### EXERCISE REQUIREMENTS
Find all lines with the word "like" in the material, then copy them.

◆ ◆ ◆ ◆ ◆

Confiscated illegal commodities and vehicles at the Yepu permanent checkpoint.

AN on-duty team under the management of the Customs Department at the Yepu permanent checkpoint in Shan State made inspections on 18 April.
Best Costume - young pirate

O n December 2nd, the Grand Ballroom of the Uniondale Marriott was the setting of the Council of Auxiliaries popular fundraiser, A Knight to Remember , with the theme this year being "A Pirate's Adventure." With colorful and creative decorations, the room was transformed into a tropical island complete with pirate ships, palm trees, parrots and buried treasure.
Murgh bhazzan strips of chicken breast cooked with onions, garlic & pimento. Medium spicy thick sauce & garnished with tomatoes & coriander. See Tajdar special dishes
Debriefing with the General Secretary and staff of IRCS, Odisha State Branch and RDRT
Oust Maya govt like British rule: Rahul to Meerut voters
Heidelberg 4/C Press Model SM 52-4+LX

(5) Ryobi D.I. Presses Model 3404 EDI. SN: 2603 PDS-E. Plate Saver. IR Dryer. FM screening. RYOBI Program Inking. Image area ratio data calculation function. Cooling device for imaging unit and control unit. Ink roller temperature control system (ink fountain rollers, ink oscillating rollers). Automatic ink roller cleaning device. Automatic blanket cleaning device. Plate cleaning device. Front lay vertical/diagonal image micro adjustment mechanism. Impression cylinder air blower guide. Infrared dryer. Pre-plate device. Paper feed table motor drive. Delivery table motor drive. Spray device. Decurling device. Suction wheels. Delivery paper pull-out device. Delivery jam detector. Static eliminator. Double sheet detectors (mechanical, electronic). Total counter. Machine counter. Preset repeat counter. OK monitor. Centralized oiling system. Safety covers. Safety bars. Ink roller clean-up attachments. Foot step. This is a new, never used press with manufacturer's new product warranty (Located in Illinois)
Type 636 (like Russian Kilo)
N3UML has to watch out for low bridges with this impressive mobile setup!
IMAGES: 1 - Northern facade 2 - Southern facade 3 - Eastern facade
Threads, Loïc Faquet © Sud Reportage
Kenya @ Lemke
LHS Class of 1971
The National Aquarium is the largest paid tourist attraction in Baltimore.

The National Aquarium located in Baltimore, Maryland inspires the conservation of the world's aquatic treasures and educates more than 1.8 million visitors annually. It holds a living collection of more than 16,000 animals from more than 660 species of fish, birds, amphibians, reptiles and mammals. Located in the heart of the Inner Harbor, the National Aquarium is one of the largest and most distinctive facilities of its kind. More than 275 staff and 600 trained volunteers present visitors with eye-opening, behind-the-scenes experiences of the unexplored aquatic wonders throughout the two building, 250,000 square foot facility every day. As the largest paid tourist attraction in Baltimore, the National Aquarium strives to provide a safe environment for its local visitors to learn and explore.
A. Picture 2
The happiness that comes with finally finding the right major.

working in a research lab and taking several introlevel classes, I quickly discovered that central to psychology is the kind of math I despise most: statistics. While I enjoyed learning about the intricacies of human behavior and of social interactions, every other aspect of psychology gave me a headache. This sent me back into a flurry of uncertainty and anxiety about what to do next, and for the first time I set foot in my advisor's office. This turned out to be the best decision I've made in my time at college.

◆ ◆ ◆ ◆ ◆

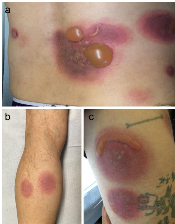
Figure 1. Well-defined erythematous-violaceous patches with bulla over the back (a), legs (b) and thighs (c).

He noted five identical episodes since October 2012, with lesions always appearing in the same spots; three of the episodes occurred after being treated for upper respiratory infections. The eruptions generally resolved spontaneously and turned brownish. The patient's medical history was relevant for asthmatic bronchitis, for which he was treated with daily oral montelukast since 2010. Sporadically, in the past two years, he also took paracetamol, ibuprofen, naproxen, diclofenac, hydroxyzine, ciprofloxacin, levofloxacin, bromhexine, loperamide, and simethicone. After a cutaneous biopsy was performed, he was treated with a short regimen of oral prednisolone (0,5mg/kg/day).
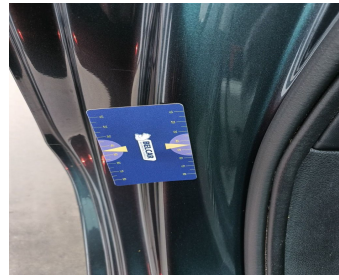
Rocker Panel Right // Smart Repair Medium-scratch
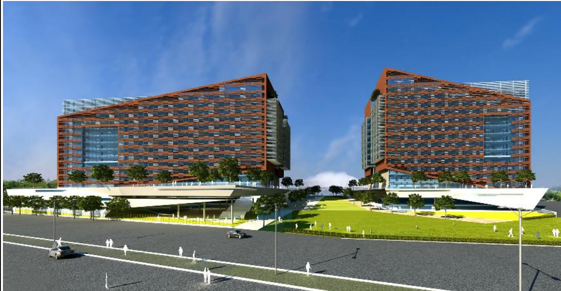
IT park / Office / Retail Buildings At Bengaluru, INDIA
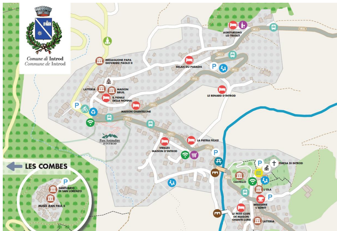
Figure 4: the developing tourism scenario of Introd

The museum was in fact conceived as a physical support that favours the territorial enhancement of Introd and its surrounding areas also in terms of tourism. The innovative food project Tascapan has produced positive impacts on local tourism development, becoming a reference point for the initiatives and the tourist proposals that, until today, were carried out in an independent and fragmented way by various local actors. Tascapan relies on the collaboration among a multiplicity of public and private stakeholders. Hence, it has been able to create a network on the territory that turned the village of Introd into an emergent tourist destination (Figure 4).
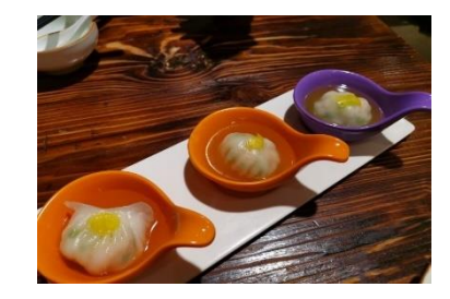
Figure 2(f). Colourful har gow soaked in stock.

◆ ◆ ◆ ◆ ◆

### ANSWER BOX
Oust Maya govt like British rule: Rahul to Meerut voters
Type 636 (like Russian Kilo)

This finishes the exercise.